◆ **TASK PROMPT**: Would you write out every record that follows exactly, with the pictures left out?

╭─ INPUT

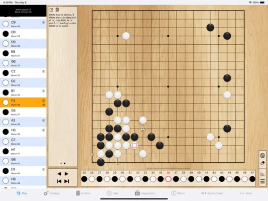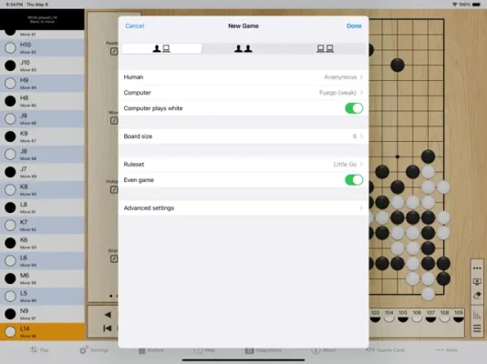 - Select from 5 pre-defined rulesets when you start a new game, or adjust game rules to your preference (komi, ko rule, area/territory scoring system, number of passes to end game, resume play by alternating/non-alternating play, four passes end game)
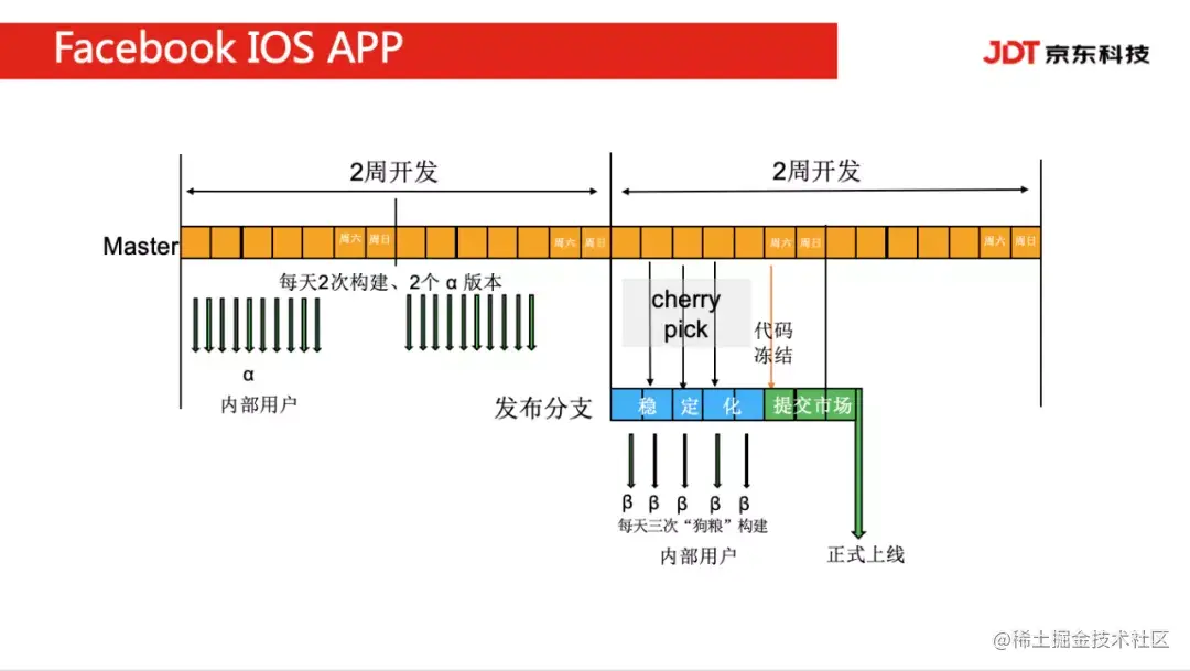 Facebook的苹果App采用了和安卓App同样的模式,但是时间被拉长了,是一个2+2的模式,2周开发测试,2周的灰度和提交市场。
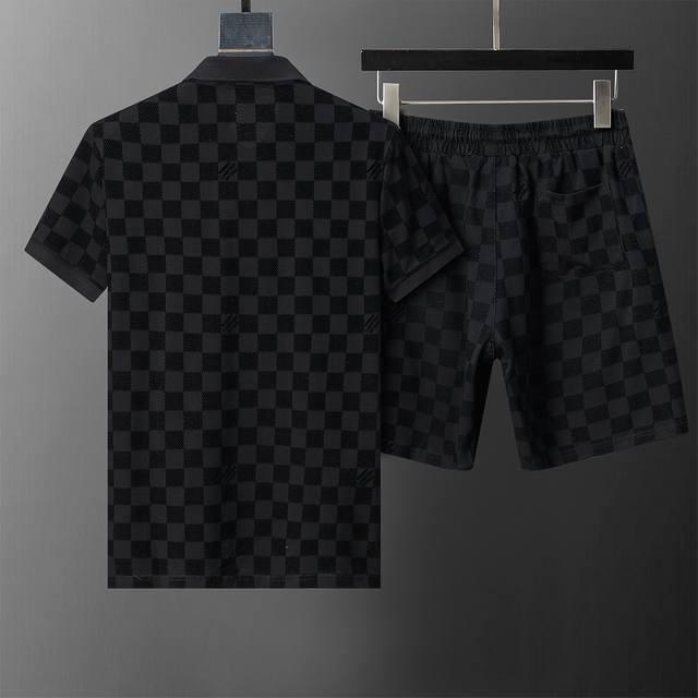 Style No.: A853# Ddd Ddd 2026 Spring/Summer New Collared Short-Sleeved Shorts Set, All-Over Flocked Print, Official Website Synchronized, M-3XL, Black DDD
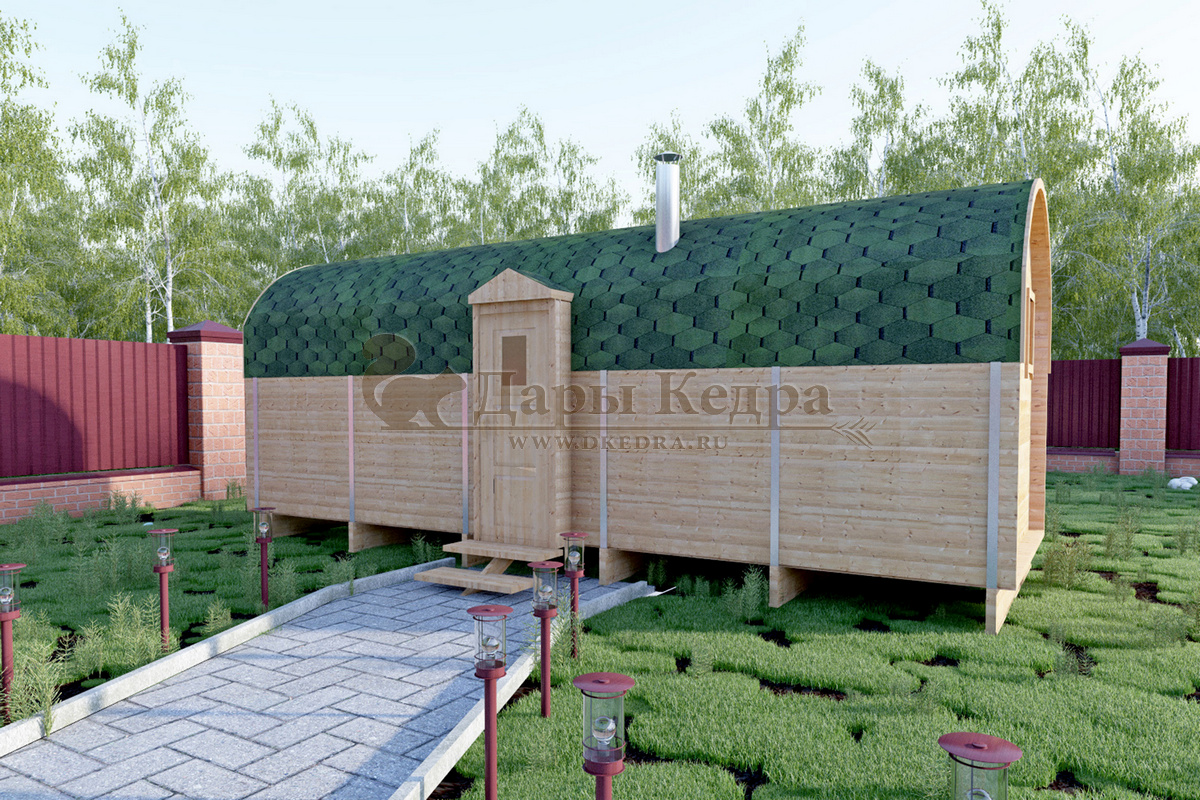 • Баня-бочка буханка из кедра 6 метров с верандой Главной отличительной особенностью данной бани «Буханка» является полная обшивка гибкой черепицей всей внешней части бани, а так же наличие крытой входной группы. Включает в себя небольшую веранду, раздевалку, которая служит комнатой отдыха, моечную и парильное отделение. Для удобства пользования в раздевалке находятся лавочки и вешалка из кедра. Моечная оборудована душевым поддоном, полочкой и лавочкой. В парильном отделении по обе стороны расположены двухуровневые открытые полки, печь установлена между ними у дальней стены. Время растопки такой бани не превышает 30 минут. По вашему желанию баню-бочку можно укомплектовать козырьком, верандой и печью с внешней загрузкой, благодаря которой весь мусор после топки остается на улице. Баня-бочка буханка не требует полноценный фундамент, поэтому при необходимости ее можно перенести в другое место. Обращаем Ваше внимание, что в стандартную комплектацию бани входят полки открытого типа в парной с обеих сторон. Дополнительно можно заказать полок закрытого типа или лавку! Кедр обладает ароматическими свойствами. Он не деформируется и влагоустойчив, при правильном уходе за деревом на нем не развиваются грибки и плесень.
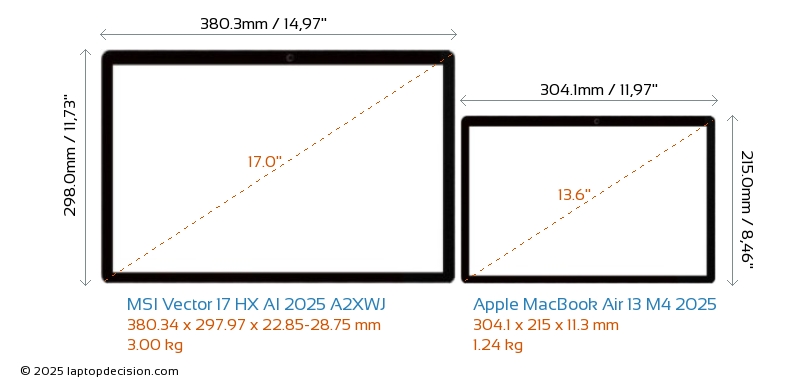 HDMI Vector 17 HX AI 2025 A2XWJ は、外部モニターに接続するための HDMI ポート (1x HDMI 2.1) を備えています。 MacBook Air 13 M4 2025 には HDMI ポートがありません。
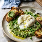 - Pour over more pea pesto, a drizzle of extra virgin olive oil, salt, and pepper.
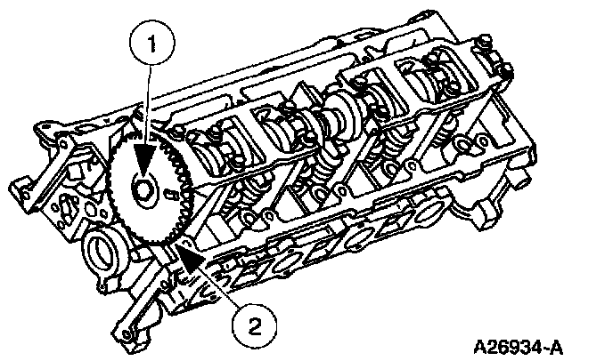 On engines equipped with bolt on sprockets, install the camshaft sprocket (2).
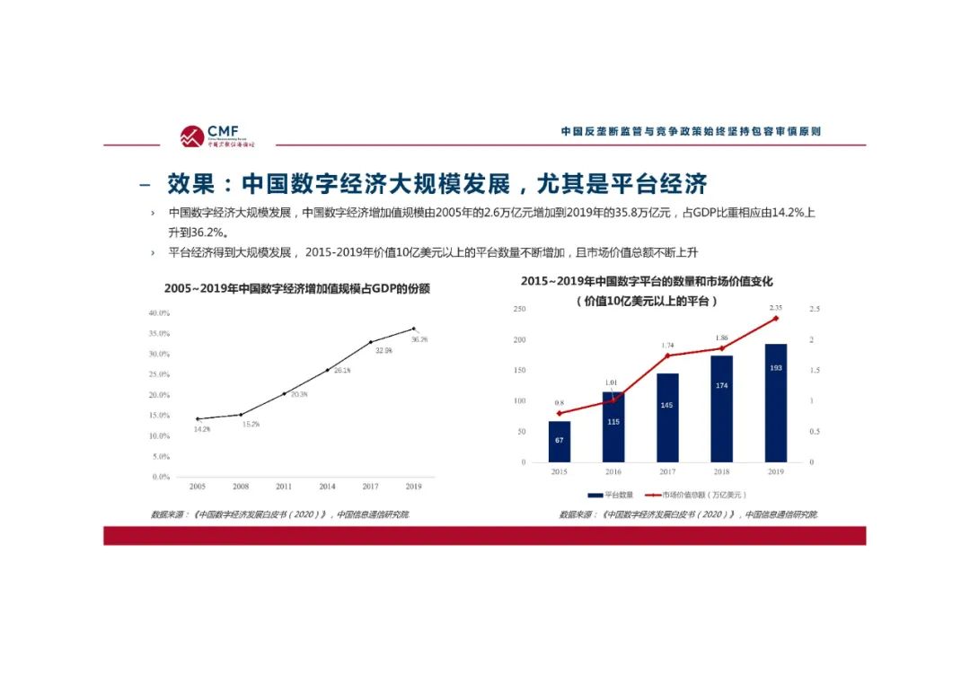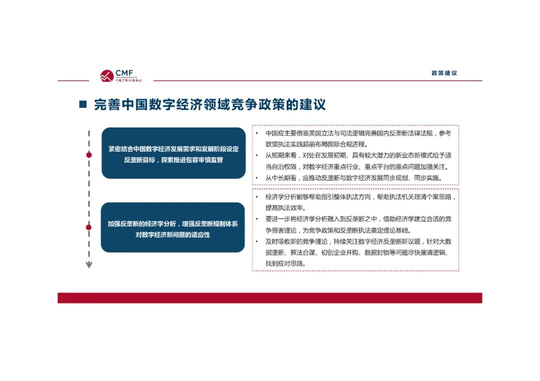 一是紧密结合中国经济发展的需求和发展阶段,设定反垄断的目标,探索推进包容审慎的监管。主要是借鉴美国和参考欧盟。从短期来看,对于处在发展初期具有较大潜力的新业态、新模式应当给予适当的自治权限,对于数字经济的重点行业、重点平台和重点问题加强关注,从中长期来看应该推动反垄断和数字经济的发展同步规划、同步实施。
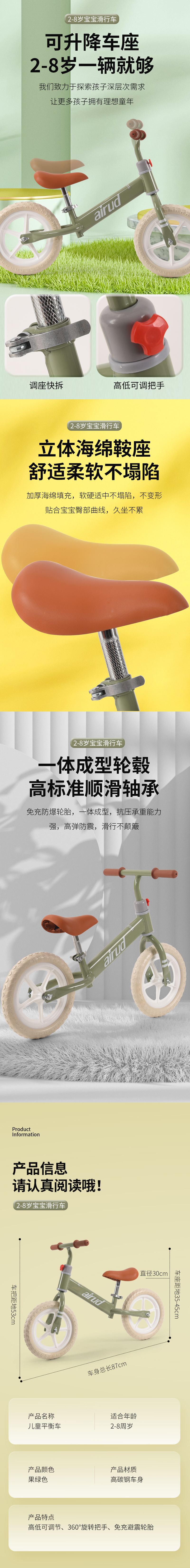 商品名称:【京东/顺丰配送】airud/艾瑞迪儿童平衡车-果绿色AMS711-6
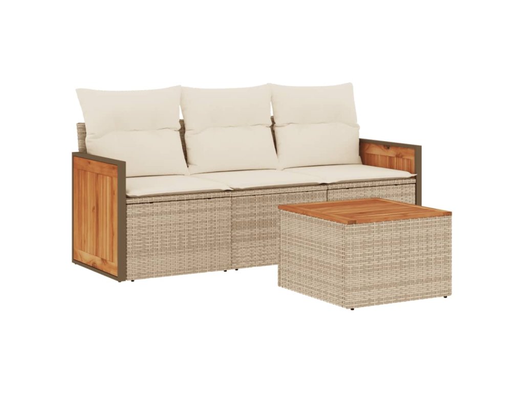 - Materiál: PE ratan, práškově lakovaná ocel, masivní akáciové dřevo s olejovou povrchovou úpravou

╰─

◆ **RESPONSE TO THE TASK**:
 - Select from 5 pre-defined rulesets when you start a new game, or adjust game rules to your preference (komi, ko rule, area/territory scoring system, number of passes to end game, resume play by alternating/non-alternating play, four passes end game)
 Facebook的苹果App采用了和安卓App同样的模式,但是时间被拉长了,是一个2+2的模式,2周开发测试,2周的灰度和提交市场。
 Style No.: A853# Ddd Ddd 2026 Spring/Summer New Collared Short-Sleeved Shorts Set, All-Over Flocked Print, Official Website Synchronized, M-3XL, Black DDD
 • Баня-бочка буханка из кедра 6 метров с верандой Главной отличительной особенностью данной бани «Буханка» является полная обшивка гибкой черепицей всей внешней части бани, а так же наличие крытой входной группы. Включает в себя небольшую веранду, раздевалку, которая служит комнатой отдыха, моечную и парильное отделение. Для удобства пользования в раздевалке находятся лавочки и вешалка из кедра. Моечная оборудована душевым поддоном, полочкой и лавочкой. В парильном отделении по обе стороны расположены двухуровневые открытые полки, печь установлена между ними у дальней стены. Время растопки такой бани не превышает 30 минут. По вашему желанию баню-бочку можно укомплектовать козырьком, верандой и печью с внешней загрузкой, благодаря которой весь мусор после топки остается на улице. Баня-бочка буханка не требует полноценный фундамент, поэтому при необходимости ее можно перенести в другое место. Обращаем Ваше внимание, что в стандартную комплектацию бани входят полки открытого типа в парной с обеих сторон. Дополнительно можно заказать полок закрытого типа или лавку! Кедр обладает ароматическими свойствами. Он не деформируется и влагоустойчив, при правильном уходе за деревом на нем не развиваются грибки и плесень.
 HDMI Vector 17 HX AI 2025 A2XWJ は、外部モニターに接続するための HDMI ポート (1x HDMI 2.1) を備えています。 MacBook Air 13 M4 2025 には HDMI ポートがありません。
 - Pour over more pea pesto, a drizzle of extra virgin olive oil, salt, and pepper.
 On engines equipped with bolt on sprockets, install the camshaft sprocket (2).
 一是紧密结合中国经济发展的需求和发展阶段,设定反垄断的目标,探索推进包容审慎的监管。主要是借鉴美国和参考欧盟。从短期来看,对于处在发展初期具有较大潜力的新业态、新模式应当给予适当的自治权限,对于数字经济的重点行业、重点平台和重点问题加强关注,从中长期来看应该推动反垄断和数字经济的发展同步规划、同步实施。
 商品名称:【京东/顺丰配送】airud/艾瑞迪儿童平衡车-果绿色AMS711-6
 - Materiál: PE ratan, práškově lakovaná ocel, masivní akáciové dřevo s olejovou povrchovou úpravou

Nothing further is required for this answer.